D. Luiz não precisa vencer o debate dos projetos para que se reconheça a derrota política de Lula e do governo


O PRIMEIRO "desdobramento complicador", referido terça-feira nesta coluna, aí está no colapso físico de d. Luiz Flávio Cappio e nas aflições que provocou fora e dentro do governo.
Dizia a última frase daquele texto sobre a decisão da Presidência, sentindo-se desafiada, de ignorar o jejum do bispo franciscano: "Evidente é que se constitui [a atitude de d. Luiz] em problema do governo, especialmente da Presidência da República, onde não consta haver nem oração para o que fazer em caso de desdobramentos complicadores". Quando escrevi esse final de frase, Gilberto Carvalho procurava, em nome da Presidência, um arremedo de negociação com o bispo, que considerou a mensagem governamental apenas "indecorosa". O final daquela minha última frase estava defasado, por desconhecimento da repentina missão de Gilberto Carvalho: a Presidência fora informada de que a resistência de d.
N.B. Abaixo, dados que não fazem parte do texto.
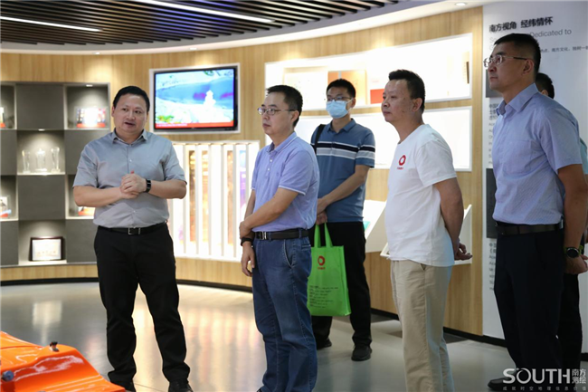 在缪小林等的陪同下,王伟东一行参观了南方测绘体验中心,缪小林向来宾详细介绍了南方测绘的发展历程、技术装备和企业文化等内容,双方结合各自所在领域的技术和业务探索,对南方测绘在智慧物联服务、地理信息应用服务、数字孪生等方面的技术探索和产业成果进行了简短交流。
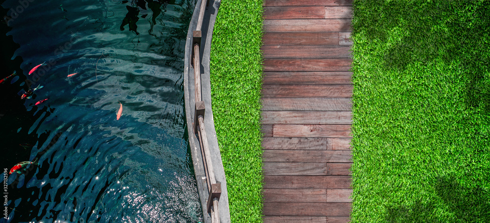 Outdoor Design Concept : Top view of fresh water in pond with green grass meadow field with wooden walkway in outdoor garden.

Luiz entrava em declínio veloz, e entrara ela em aflições. Era, na segunda-feira, o 21º dia da greve de fome do bispo.
O agravamento da situação de d. Luiz impediu-o ontem de opinar sobre nova proposta do governo, segundo a qual a greve e as obras seriam suspensas por dois meses, para os dois lados debaterem os respectivos projetos de irrigação nordestina. Por que Lula precisou esperar por uma situação delicada, com a qual nada poderia ganhar, para enfim dar o passo que devia desde o seu compromisso na greve anterior do bispo? Dever, de resto, de todo governo para com todos os cidadãos: são os governantes, e não nós outros, que devem dar respostas, como devedores permanentes de explicações sobre tudo o que alguma parcela dos cidadãos questione.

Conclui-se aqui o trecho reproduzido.